-- Opening Marker --
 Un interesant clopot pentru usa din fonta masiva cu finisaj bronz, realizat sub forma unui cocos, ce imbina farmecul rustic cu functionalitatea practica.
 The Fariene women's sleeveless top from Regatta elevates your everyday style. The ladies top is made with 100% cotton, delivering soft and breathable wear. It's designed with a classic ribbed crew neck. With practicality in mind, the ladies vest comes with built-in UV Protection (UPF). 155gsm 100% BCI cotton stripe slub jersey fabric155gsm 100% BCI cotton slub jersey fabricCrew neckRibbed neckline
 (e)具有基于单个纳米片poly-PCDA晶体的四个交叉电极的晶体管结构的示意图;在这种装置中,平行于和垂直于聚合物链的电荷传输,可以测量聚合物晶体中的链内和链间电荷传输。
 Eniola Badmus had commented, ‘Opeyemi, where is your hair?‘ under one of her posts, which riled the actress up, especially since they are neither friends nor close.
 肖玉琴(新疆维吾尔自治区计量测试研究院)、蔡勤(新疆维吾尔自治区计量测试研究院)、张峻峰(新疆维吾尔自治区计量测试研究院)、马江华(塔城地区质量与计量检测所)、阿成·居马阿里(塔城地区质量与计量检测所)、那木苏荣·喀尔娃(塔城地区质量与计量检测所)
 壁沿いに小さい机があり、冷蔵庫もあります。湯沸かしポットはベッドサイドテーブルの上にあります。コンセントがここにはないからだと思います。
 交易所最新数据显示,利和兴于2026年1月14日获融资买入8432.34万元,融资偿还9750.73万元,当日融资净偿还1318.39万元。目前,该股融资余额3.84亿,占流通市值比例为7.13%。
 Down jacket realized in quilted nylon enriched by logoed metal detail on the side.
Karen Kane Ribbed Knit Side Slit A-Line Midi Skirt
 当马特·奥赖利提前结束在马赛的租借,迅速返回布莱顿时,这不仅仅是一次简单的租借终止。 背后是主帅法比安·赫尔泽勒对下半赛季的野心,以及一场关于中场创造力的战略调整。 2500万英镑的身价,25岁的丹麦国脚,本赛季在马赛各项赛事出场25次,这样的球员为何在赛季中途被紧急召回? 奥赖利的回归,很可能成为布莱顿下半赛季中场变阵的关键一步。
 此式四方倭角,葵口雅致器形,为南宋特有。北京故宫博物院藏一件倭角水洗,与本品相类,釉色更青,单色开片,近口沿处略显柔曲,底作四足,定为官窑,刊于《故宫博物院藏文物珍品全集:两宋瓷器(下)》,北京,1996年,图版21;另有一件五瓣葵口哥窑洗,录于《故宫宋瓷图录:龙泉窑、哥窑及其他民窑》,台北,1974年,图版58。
-- Closing Marker --
Please reproduce the lines from the line with "(e)具有基于单个纳米片po" to the line with "壁沿いに小さい机があり、冷蔵", both ends included, exactly as they appear above.

 (e)具有基于单个纳米片poly-PCDA晶体的四个交叉电极的晶体管结构的示意图;在这种装置中,平行于和垂直于聚合物链的电荷传输,可以测量聚合物晶体中的链内和链间电荷传输。
 Eniola Badmus had commented, ‘Opeyemi, where is your hair?‘ under one of her posts, which riled the actress up, especially since they are neither friends nor close.
 肖玉琴(新疆维吾尔自治区计量测试研究院)、蔡勤(新疆维吾尔自治区计量测试研究院)、张峻峰(新疆维吾尔自治区计量测试研究院)、马江华(塔城地区质量与计量检测所)、阿成·居马阿里(塔城地区质量与计量检测所)、那木苏荣·喀尔娃(塔城地区质量与计量检测所)
 壁沿いに小さい机があり、冷蔵庫もあります。湯沸かしポットはベッドサイドテーブルの上にあります。コンセントがここにはないからだと思います。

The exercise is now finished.